Derivation Of Torque On Current Loop Due To Uniform Magnetic Field

[Aurelius120]

Homework Statement

Derive an expression for torque due to uniform magnetic field in a loop

Relevant Equations

$$\tau=BINA\sin \theta$$

I can derive it for a circular loop:
$$dF=BI\sin\phi\ dl=BIr\sin\phi\ d\phi$$
Torque on quarter circle when field is parallel to plane of loop=$$\tau=\int^{(\pi/2)}_0 BI \ dl \sin\phi (r\sin\phi)$$$$=\int^{(\pi/2)}_0 BIr^2 \sin^2\phi\ d\phi$$
Net torque=$4\tau=BIA$
If magnetic field is at any other angle, only its parallel component will exert torque=$BIA\sin\theta$
I know the derivation for rectangular loop(length=l, breadth=b).
Force on each arm =$IbB$
Torque=$2IbB\frac{a}{2}=BIA$
If magnetic field is at any other angle, only its parallel component will exert torque=$BIA\sin\theta$
Is there a general derivation for such cases that holds for (at least the most common shapes)? Will it be too advanced for my level?

 

[Orodruin]

Write down the integral expression for the torque as a circulation integral around the loop. Then apply a suitable integral theorem.

 

[Aurelius120]

Write down the integral expression for the torque as a circulation integral around the loop. Then apply a suitable integral theorem.
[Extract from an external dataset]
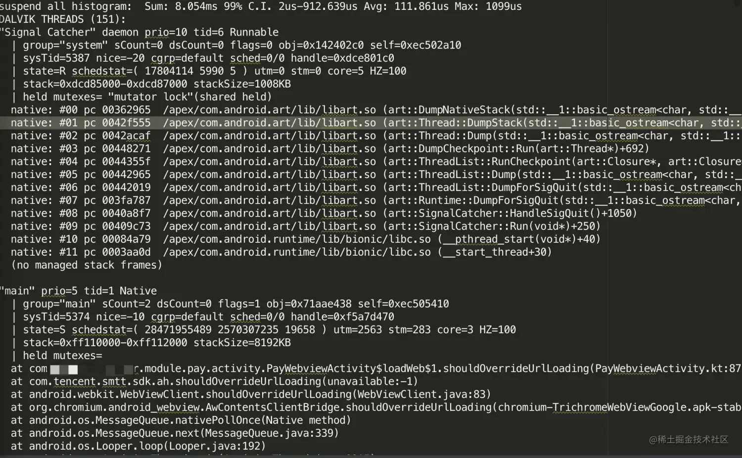 - 堆栈、设备、OS版本、进程、线程名、Logcat

Ok that seems advanced for me

 

[Orodruin]

Then prove it for a square loop, then approximate the full loop by a series of several ever smaller square loops (the torques from sides shared by two squares will cancel out since the current runs in opposite directions - leaving only the outer loop). However, this is essentially proving the integral theorem.

 

[Delta2]

Write down the integral expression for the torque as a circulation integral around the loop. Then apply a suitable integral theorem.

Hasn't he done almost this in the OP, the only thing that changes for a generic loop is that r depends on phi, right?

EDIT: OH I think in the OP he omits the other vector constituent of the torque ($BIdl\sin\phi (r\cos\phi)$ which sums to zero for a circular loop but doesnt sum to zero for a generic loop.)

EDIT2: On second thought that integral is zero for any loop shape. This thread triggered an interesting not so hard math problem:
If $r(\phi)$ is a positive function with period $2\pi$ prove that $$\int_0^{2\pi} r^2(\phi)\sin(\phi)\cos(\phi)d\phi=0$$ and $$\int_0^{2\pi} r^2(\phi)=2A$$ where A the area of the closed loop described by $r=r(\phi)$.

EDIT3: On ... third thought this problem is not so simple after all if one wants a mathematically rigorous proof for any closed loop but ok I tried my best, I haven't read any derivation from a book from this I ll check Jackson to see if it has it.